**Directions for this task**
Would you give the listing again exactly, without its images?

--- Data Enclosed Below ---

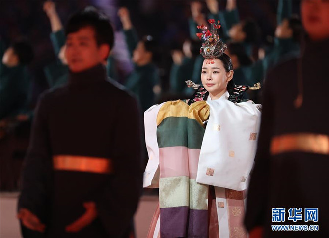 2月25日,韩国歌手李彩琳(左二)在闭幕式上演出。新华社记者 李钢 摄
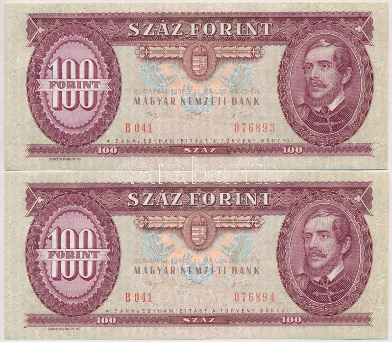 Beschreibung: 1992. 100Ft (2x) sorszámkövetők T:II mindkettőnél ropogós papír
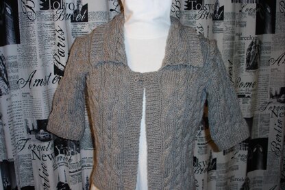 I love shrugs, simply because they are so versatile, you can dress them up or dress them down. With way it is a beautiful addition to your wardrobe. The cables are a perfect high light and the small collar adds some class. 6 balls of Plymouth yarn encore worsted weight in color 194 are required. I also used Ice Yarns, favorite in color 23889, 5 balls to make another one and it is the same texture. You will love it

--- End of Enclosed Data ---

**Written response**
 2月25日,韩国歌手李彩琳(左二)在闭幕式上演出。新华社记者 李钢 摄
 Beschreibung: 1992. 100Ft (2x) sorszámkövetők T:II mindkettőnél ropogós papír
 I love shrugs, simply because they are so versatile, you can dress them up or dress them down. With way it is a beautiful addition to your wardrobe. The cables are a perfect high light and the small collar adds some class. 6 balls of Plymouth yarn encore worsted weight in color 194 are required. I also used Ice Yarns, favorite in color 23889, 5 balls to make another one and it is the same texture. You will love it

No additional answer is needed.